Интересно, долго нам еще до цивилизации? Шаг на борт парохода, принадлежащего Роландской империи — все равно, что шаг по родной земле. На пароходе своя, нормальная служба правопорядка. Они быстро разберутся с фраканской швалью, которая пытается нам испортить жизнь.
Я шла, прижав к лицу рукав, и дыша сквозь ткань. Так меньше воняло. Остальные делали вид, что всю жизнь провели в вонючих доках. Поразительная невосприимчивость!
Шуршание сбоку. Я резко обернулась. Рука сама потянулась к карману.
Серый зверек шмыгнул к мешкам.
Крыса!
Бездна мне за пазуху. Это же КРЫСА!
Бок ощутимо кольнуло.
— Только попробую заорать или достать ствол! Прирежу, как порося. Кивни, если поняла.
Я поймала вопросительный взгляд дяди, который ушел шагов на десять вперед.

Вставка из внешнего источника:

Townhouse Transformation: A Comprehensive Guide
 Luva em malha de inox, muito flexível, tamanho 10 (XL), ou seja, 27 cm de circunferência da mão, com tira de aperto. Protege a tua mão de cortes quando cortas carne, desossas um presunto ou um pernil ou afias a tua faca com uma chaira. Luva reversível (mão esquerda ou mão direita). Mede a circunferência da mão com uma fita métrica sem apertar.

— Улыбайся, бездна тебя побери!
Надо отпихнуть, броситься к дяде — он спасет, он поможет, если нажаловаться на бесстыжую девицу, которая обещала меня прирезать. И ведь прирежет. Без всякого сожаления. Угораздило же связаться…
— Здесь так воняет, — я выразительно помахала ладонью около лица, — голова закружилась.
Истинная дарьета всегда имеет право на приступ дурноты.
Вот и дядя поверил. Кивнул, повернулся и зашагал дальше.
На мгновение, стало обидно от такой доверчивости! Мог и проверить, почему девицы вдруг решили обниматься и шептаться по дороге.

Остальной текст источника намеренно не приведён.